Ex-VP Joe Biden Getting Own Ice Cream Flavor
SYRACUSE – Former Vice President Joe Biden, the nation’s most high-profile ice cream lover, is getting his own flavor, the Cornell Daily Sun reported. Cornell University is working on naming a flavor by the time he speaks at their commencement this month. The five finalists are Biden’s Chocolate Bites, Bits n’ Biden, Big Red, White & Biden, Not Your Average Joe’s Chocolate Chip or Uncle Joe’s Chocolate Chip.
NY Bill Would Raise Penalties For Harming Police Animals
ALBANY – Intentionally causing serious physical injury to a police dog or horse would be a felony under legislation by Sen. Catharine Young (R-Olean), The Associated Press reported.
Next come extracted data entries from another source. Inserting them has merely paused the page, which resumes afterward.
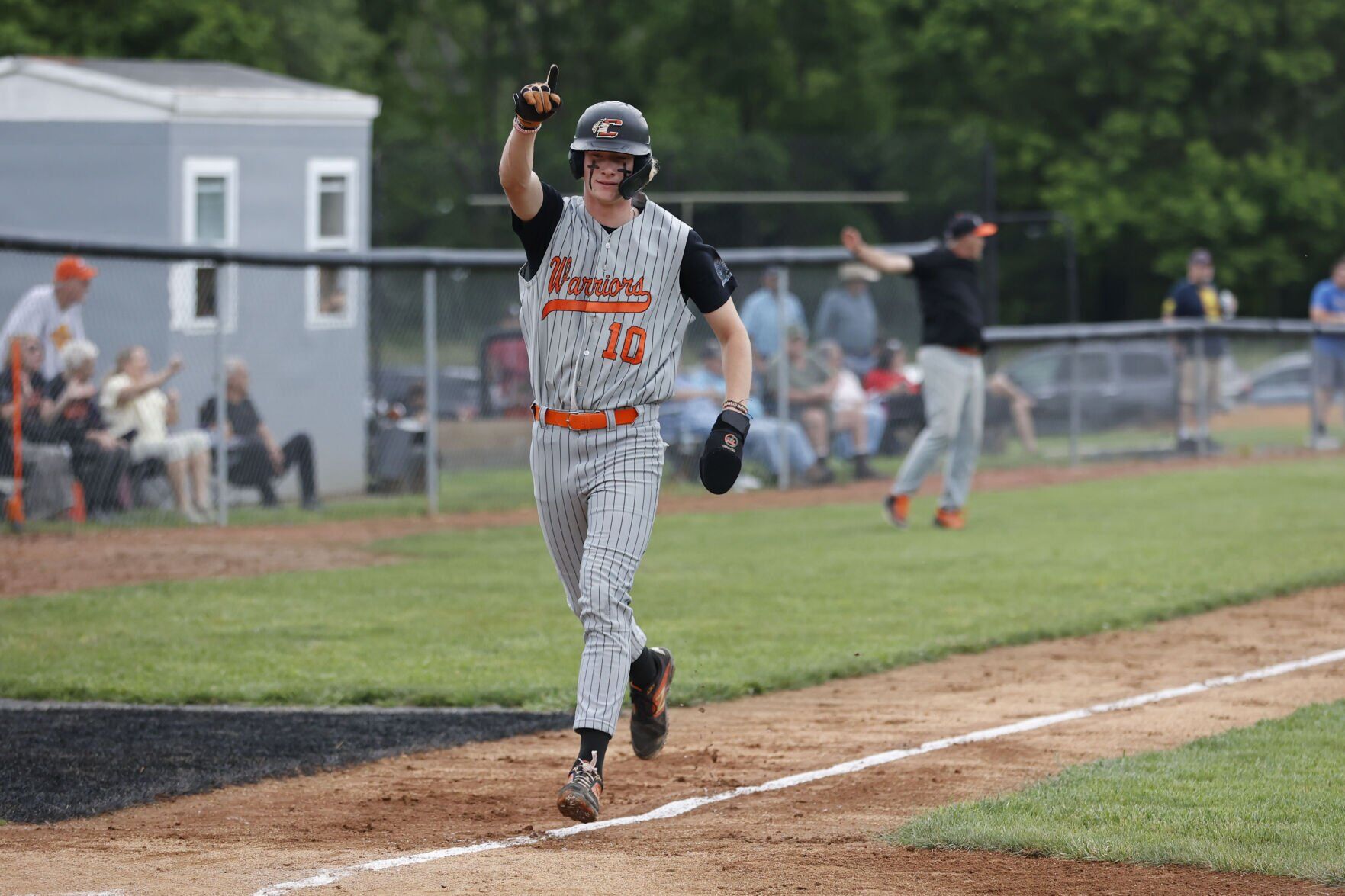 Chilhowie's Asher Chapman celebrates as he comes across home plate to score a run against Rye Cove in the Region 1D Tournament.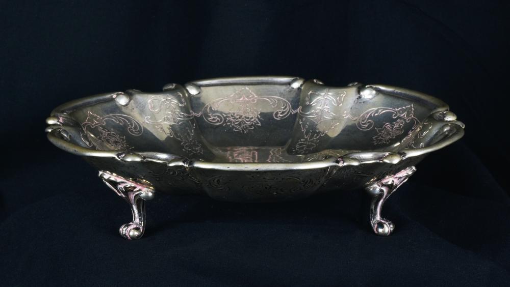 Lotto 264 | ALZATINA IN ARGENTO CESELLATO E SBALZATO CON PIEDINI h cm 5 - diam cm 19,5 gr...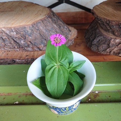 ひとつだけ大きくなってきた 百日草は途中で折れてる。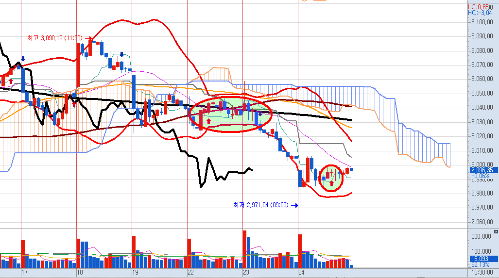 오늘 저가는 2971 포인트로 어제 예상했던 가격보다 더 내려와 꽂혔습니다.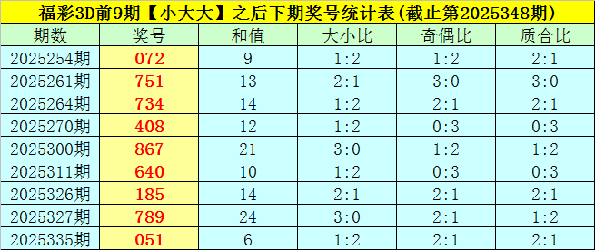 一、上期回顾:福彩3D第2025348期奖号为:278,奖号类型开出组六,大小比为2:1,奇偶比为1:2,和值为17,跨度为6,012路比为0:1:2。

Mitchell’s Law is named for a Jamestown police German shepherd that suffered life-threatening injuries while apprehending a suspect last November.
Family Says JetBlue Kicked Them Off Plane Over Cake
NEW YORK – A New Jersey family says their plans to celebrate a birthday were crushed when JetBlue kicked them off the plane for storing a birthday cake in an overhead bin, the Daily News reported. The airline said the cake was stowed in a bin reserved for safety equipment and the family refused multiple requests to remove them.
Falling Tree Limb Kills Man During Barbecue
PASSAIC, N.J. – A tree limb struck by lightning fell Sunday night, killing a 28-year-old Mexican man and injuring several other people during a barbecue, The Associated Press reported. A fast-moving storm with strong winds and heavy rains was pounding the area at the time.
Christie Introduces Plan to Use Lottery for Pensions
TRENTON – Gov. Chris Christie unveiled legislation Thursday for his plan to dedicate lottery revenues to address New Jersey’s woefully underfunded public worker pension plans, The Associated Press reported. The state says it would immediately reduce unfunded obligations by $13.5 billion to teachers, public employees, and police and firefighters.